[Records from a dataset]
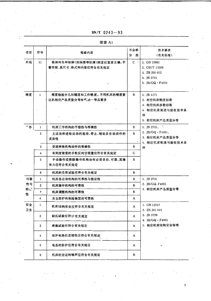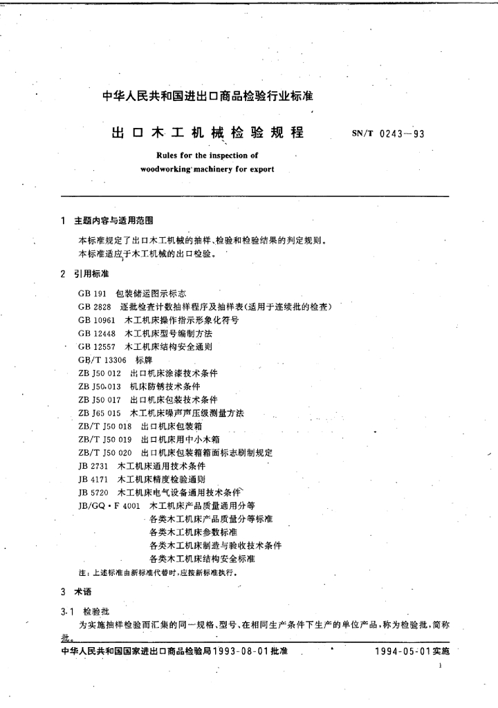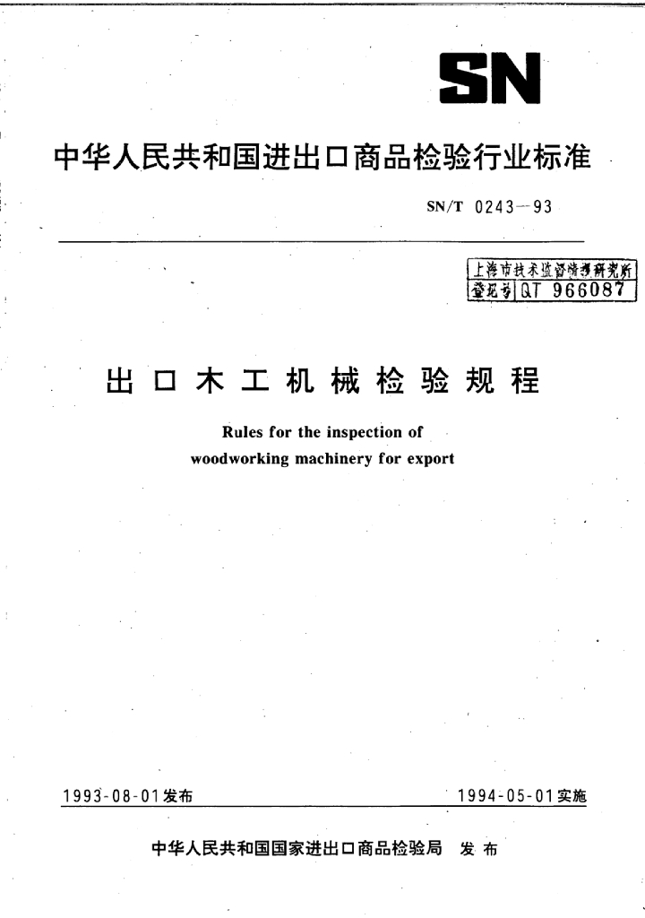 SN/T 0243-1993 出口木工机械检验规程
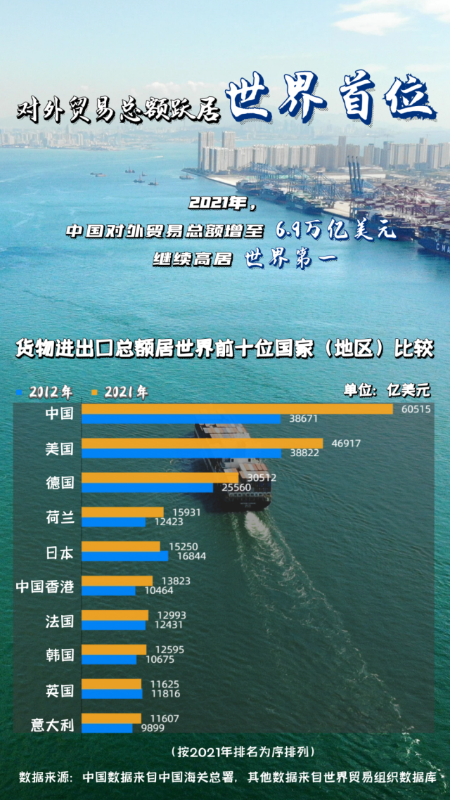 2020年中國對外貿易總額由2012年的4.4萬億美元升至5.3萬億美元,首超美國成為全球第一大貿易國。2021年,中國對外貿易總額加快上升增至6.9萬億美元,繼續(xù)高居世界第一。在經濟全球化頻遭單邊主義、保護主義等“逆流”襲擾的歷史當口,中國從融入和適應全球化走向推動和引領全球化,積極倡導建設開放型世界經濟,推動經濟全球化朝著更加開放、包容、普惠、平衡、共贏方向發(fā)展。目前,中國已成為140多個國家和地區(qū)的主要貿易伙伴,形成更大范圍、更寬領域、更深層次對外開放格局。
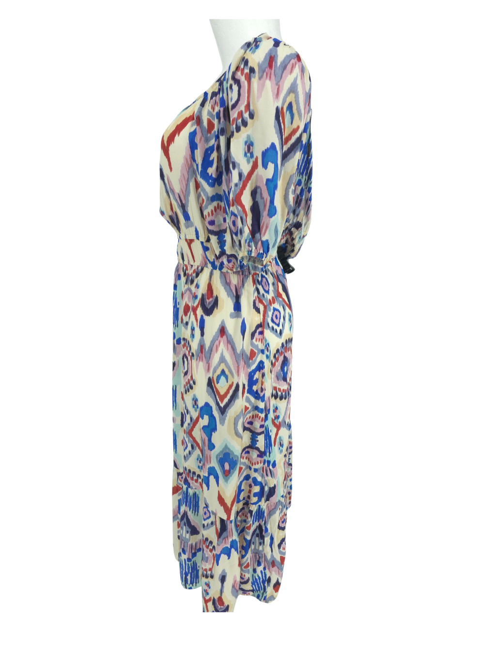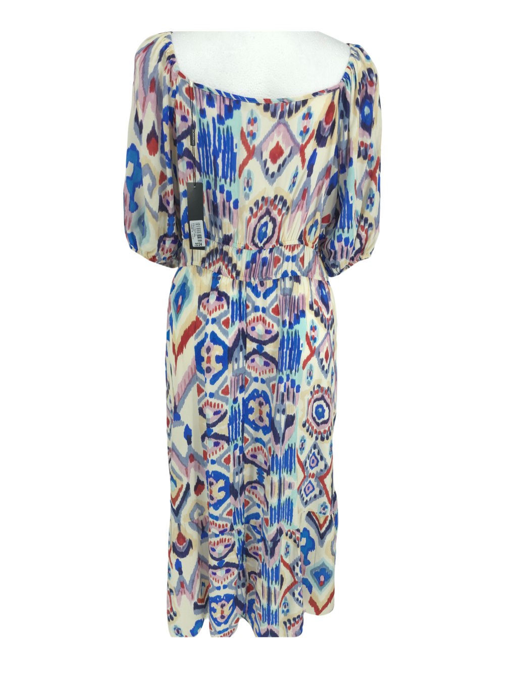 vel. M - cca 42 , ale i 44 - pružné nemačkavé šaty s výrazným vzorem , dolní okraj do kulata s rozparky po stranách , mají kapsy
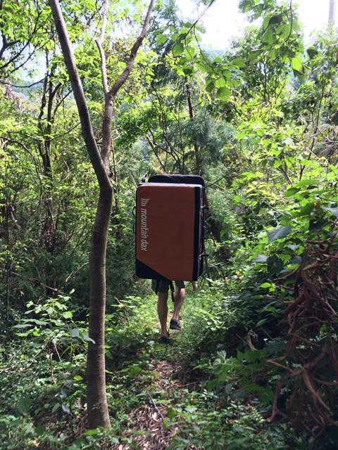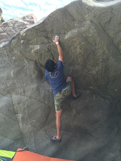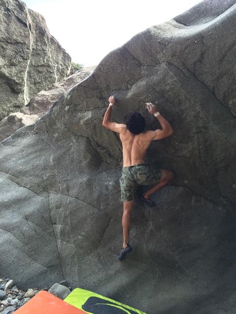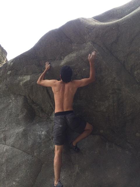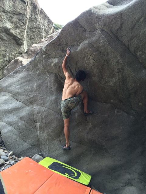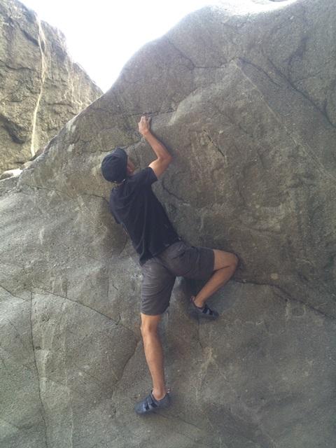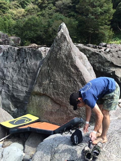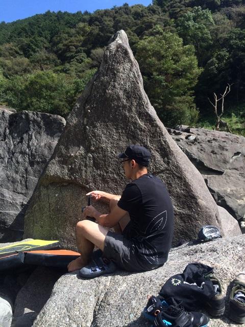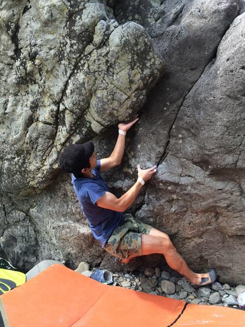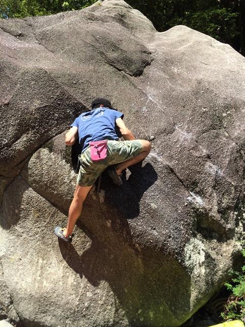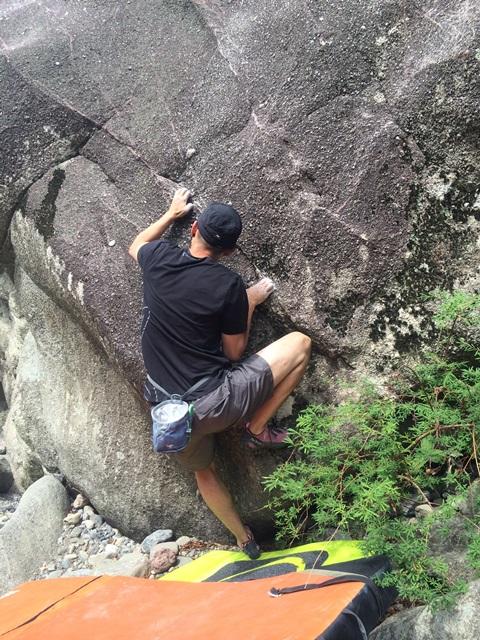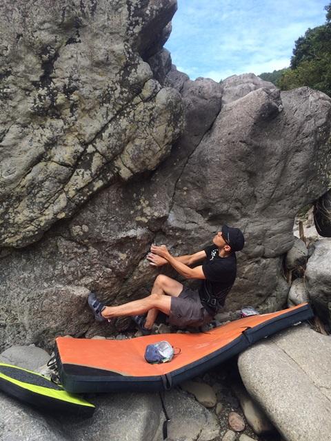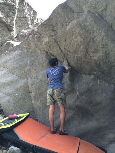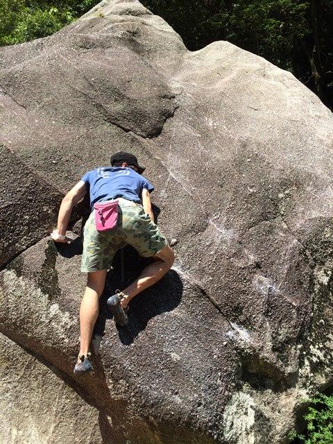 暑い中スラブ登るのは、チャレンジングですね。もちろんチョークバッグ付けて登ります。そして退けられました。もっと寒い日にまたやります。
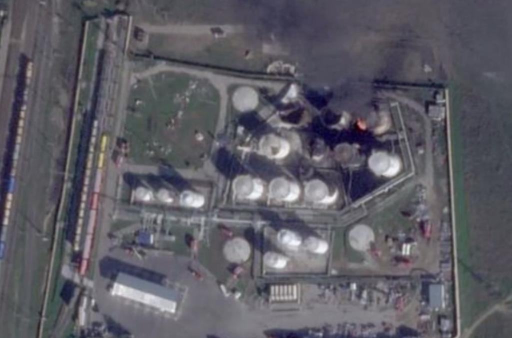 На спутниковом снимке 21 октября видно, что как минимум пять резервуаров сгорели, а территория базы получила значительные повреждения.
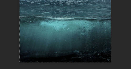 1、创建一个大小为800px * 1140px白色背景。将海洋图片素材拖进Photoshop,用选取工具选择以下区域。
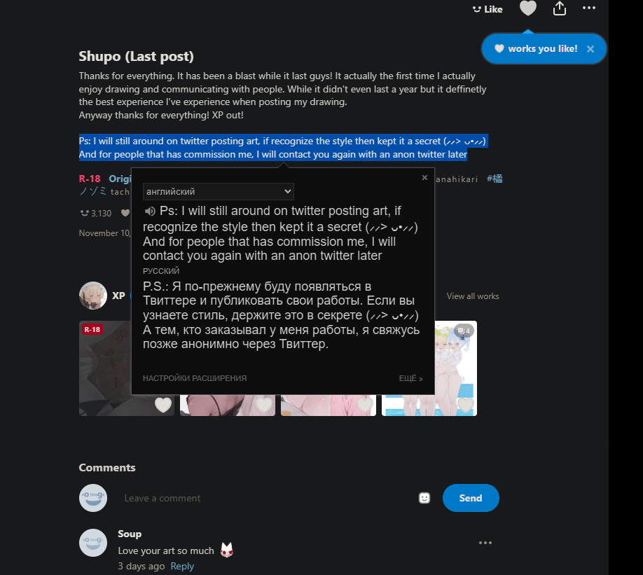 Да пока Писевор к 4.0 разродится русиком, это уже будет неактуально. Перевод идеально было к 3.0 выпустит, чтобы перекрыть новые релизы или к коллабу на хайпе.

ASSIGNMENT ::
An exact retyping of the entries, without images, is the required answer.

RESPONSE ::
 SN/T 0243-1993 出口木工机械检验规程
 2020年中國對外貿易總額由2012年的4.4萬億美元升至5.3萬億美元,首超美國成為全球第一大貿易國。2021年,中國對外貿易總額加快上升增至6.9萬億美元,繼續(xù)高居世界第一。在經濟全球化頻遭單邊主義、保護主義等“逆流”襲擾的歷史當口,中國從融入和適應全球化走向推動和引領全球化,積極倡導建設開放型世界經濟,推動經濟全球化朝著更加開放、包容、普惠、平衡、共贏方向發(fā)展。目前,中國已成為140多個國家和地區(qū)的主要貿易伙伴,形成更大范圍、更寬領域、更深層次對外開放格局。
 vel. M - cca 42 , ale i 44 - pružné nemačkavé šaty s výrazným vzorem , dolní okraj do kulata s rozparky po stranách , mají kapsy
 暑い中スラブ登るのは、チャレンジングですね。もちろんチョークバッグ付けて登ります。そして退けられました。もっと寒い日にまたやります。
 На спутниковом снимке 21 октября видно, что как минимум пять резервуаров сгорели, а территория базы получила значительные повреждения.
 1、创建一个大小为800px * 1140px白色背景。将海洋图片素材拖进Photoshop,用选取工具选择以下区域。
 Да пока Писевор к 4.0 разродится русиком, это уже будет неактуально. Перевод идеально было к 3.0 выпустит, чтобы перекрыть новые релизы или к коллабу на хайпе.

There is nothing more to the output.